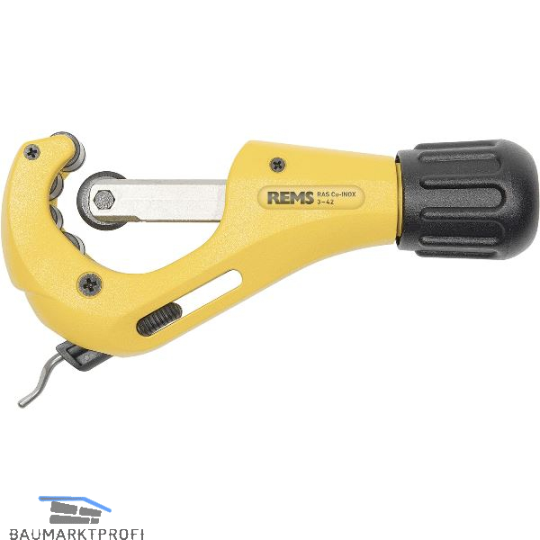 Teleskopspindel. Leichtes, schnelles Verstellen in beiden Richtungen. Stabile Teleskopspindel, lange Spindelführung und 4 spezialgehärtete Gegendruckrollen für genaue Führung am Rohr, leichtes Zustellen, leichtes Schneiden und präzisen, rechtwinkligen Schnitt. Ergonomischer Drehgriff aus Metall für leichtes Arbeiten. Speziell gehärtetes Schneidrad aus zähhartem REMS Schneidbackenstahl. Schneller, werkzeugloser Schneidradwechsel durch Schneidradachse mit Kugelrastung. Schneidrad durch Begrenzung der Zustellbewegung vor Berührung mit den Gegendruckrollen geschützt. Mit integriertem Rohrentgrater.
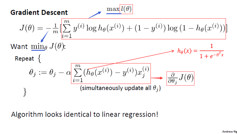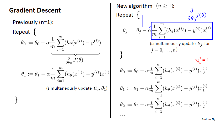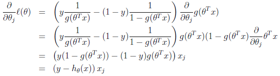 图一中的偏导数进一步计算(此处省略计算过程)得到$\frac{ \partial }{ \partial y }J(\theta)=\frac{1}{m}\displaystyle \sum_{ i = 1 }^{ m } (h_\theta(x^{(i)})-y^{(i)})x_j^{(i)}$,即下图
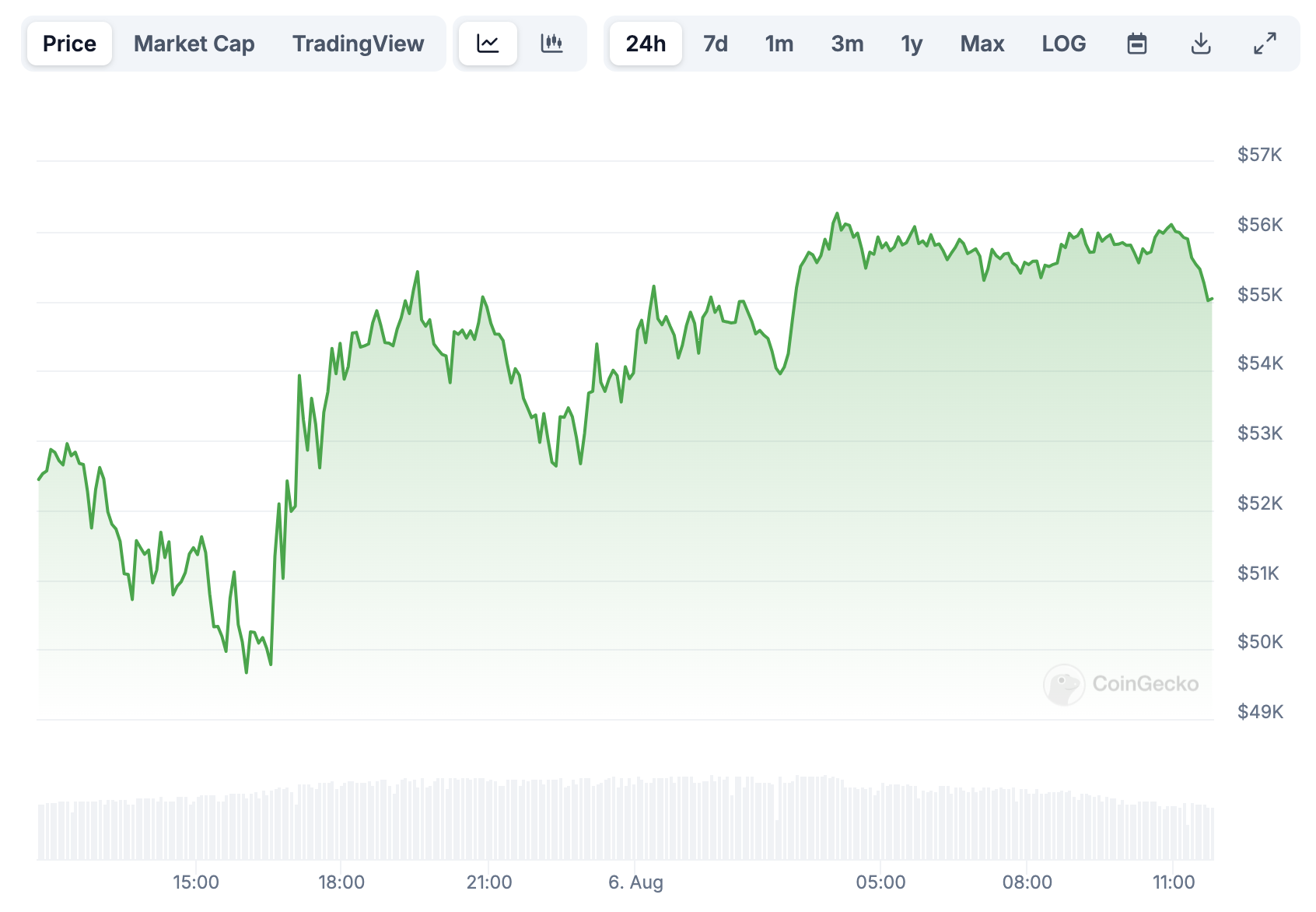 Однако к моменту написания материала курс флагмана крипторынка подает признаки восстановления. По данным CoinGecko, сейчас актив торгуется по $55 004, подорожав за последние сутки почти на 5%.
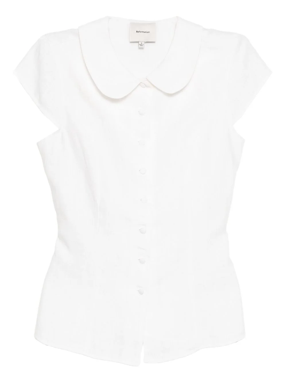 Molly shirt Highlights - White - Front button fastening - Cap sleeves Made in United States Composition Linen/Flax 100% SIZE & FIT Model measurements Height 5 ft 10 in(1.77 m) Bust/Chest 30.31 in(77 cm) Hips 36.22 in(92 cm) Waist 24.8 in(63 cm) FittingInformation Designed for a close fit throughout Made from a midweight non-stretch fabric This piece fits close in all sizes – take your usual size
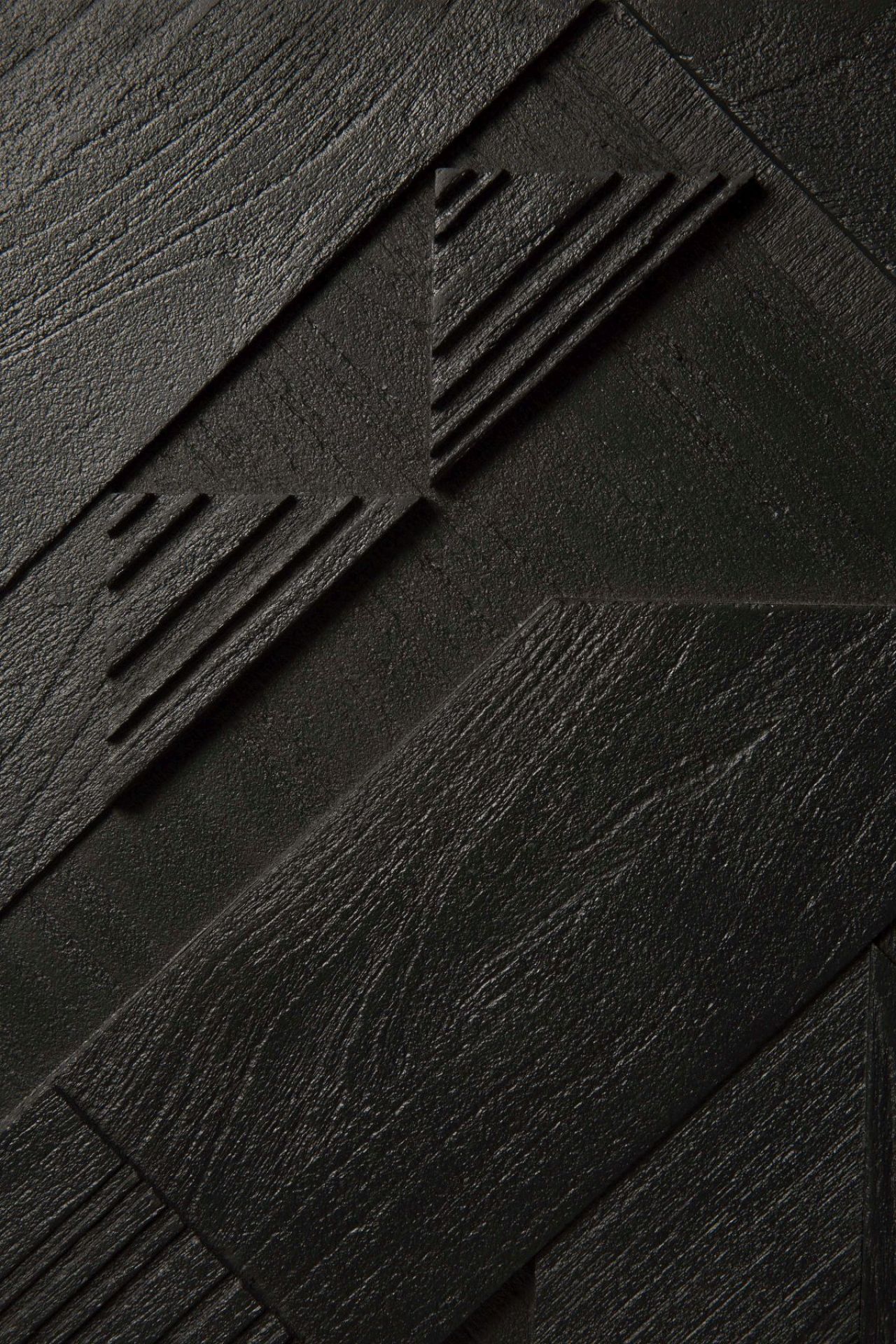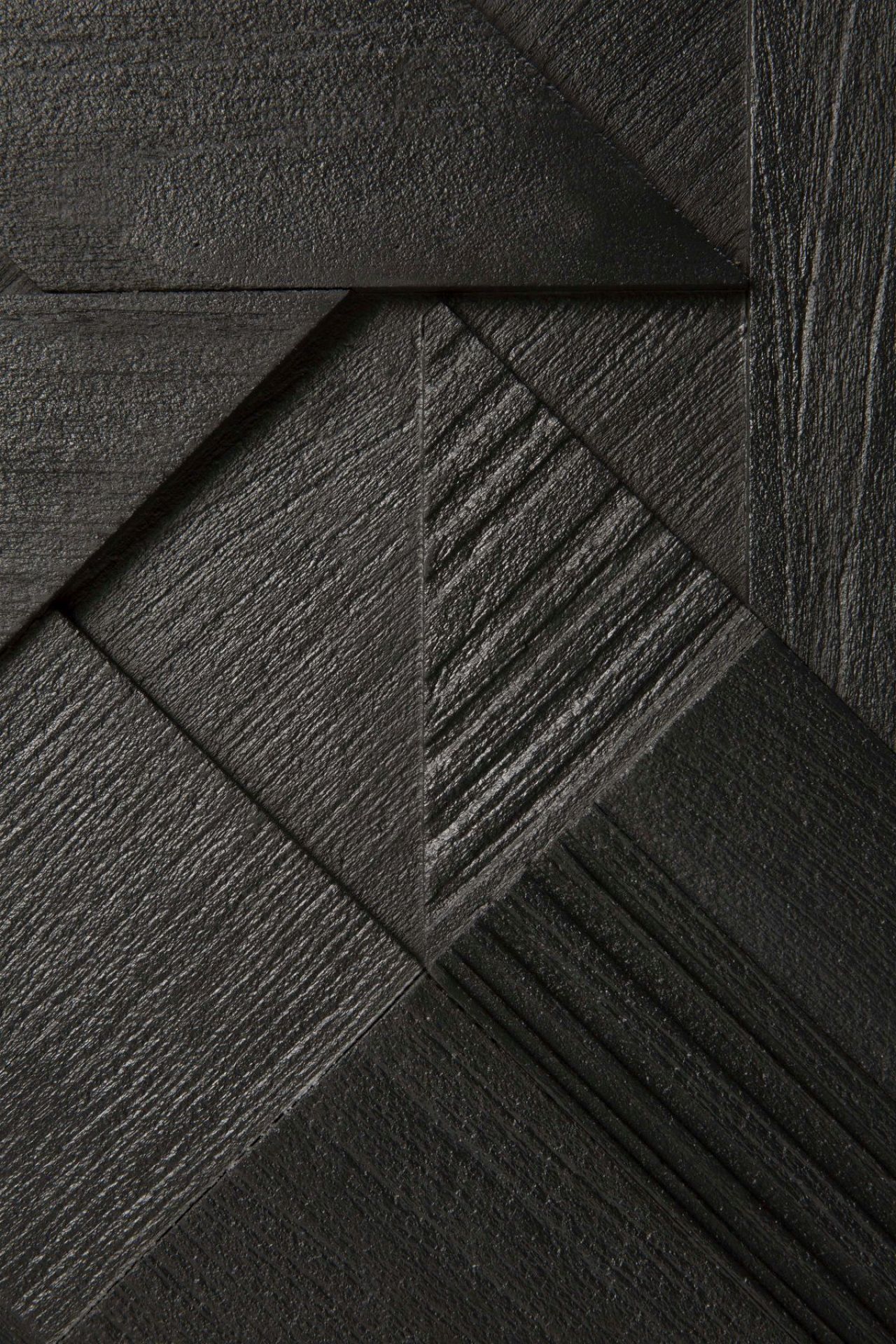 Als Grundlage für das Muster dient ein Dreieck, das verschieden platziert und repliziert wird. Die Verwendung mehrerer Schichten sorgt für ein komplexes Gefühl von Tiefe und Dynamik und lässt die Fronten des Schranks geradezu beweglich erscheinen. Das unkonventionelle Design macht das Graphic TV-Möbel von Ethnicraft zu einem absoluten Hingucker.
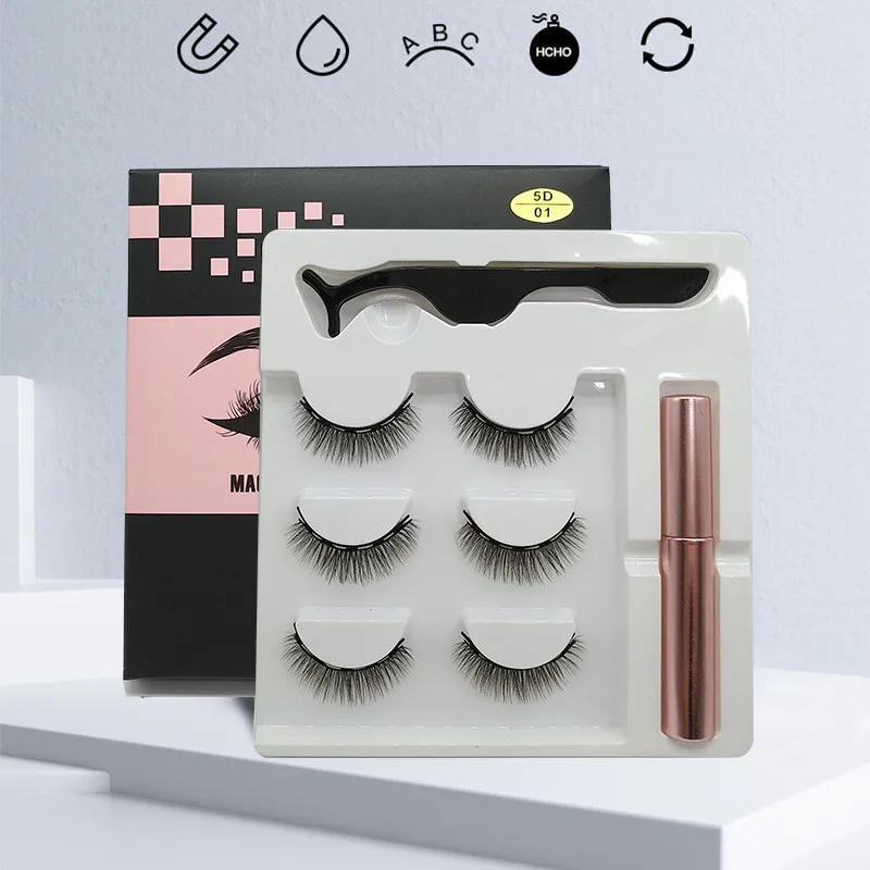 Magnetic False Eyelashes Set No Glue Full Eyes 5 Magnet Reusable Fake Eye Lashes Natural Soft Extension Eyelash Kit
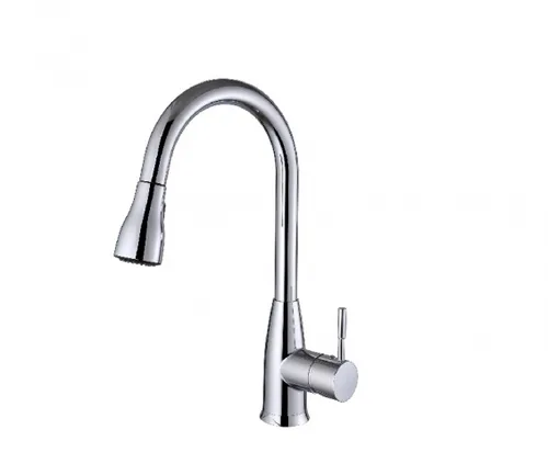 ברז מטבח דגם ג’ונסון, נשלף ובעל שני מצבי זרימה. עיצוב עדין ומעוגל,

====================

**Task statement**
From the records above, copy only the lines running from the line containing "Однако к моменту" to the line containing "Als Grundlage für", both ends included. Leave the pictures out.

**Result for this task**
 Однако к моменту написания материала курс флагмана крипторынка подает признаки восстановления. По данным CoinGecko, сейчас актив торгуется по $55 004, подорожав за последние сутки почти на 5%.
 Molly shirt Highlights - White - Front button fastening - Cap sleeves Made in United States Composition Linen/Flax 100% SIZE & FIT Model measurements Height 5 ft 10 in(1.77 m) Bust/Chest 30.31 in(77 cm) Hips 36.22 in(92 cm) Waist 24.8 in(63 cm) FittingInformation Designed for a close fit throughout Made from a midweight non-stretch fabric This piece fits close in all sizes – take your usual size
 Als Grundlage für das Muster dient ein Dreieck, das verschieden platziert und repliziert wird. Die Verwendung mehrerer Schichten sorgt für ein komplexes Gefühl von Tiefe und Dynamik und lässt die Fronten des Schranks geradezu beweglich erscheinen. Das unkonventionelle Design macht das Graphic TV-Möbel von Ethnicraft zu einem absoluten Hingucker.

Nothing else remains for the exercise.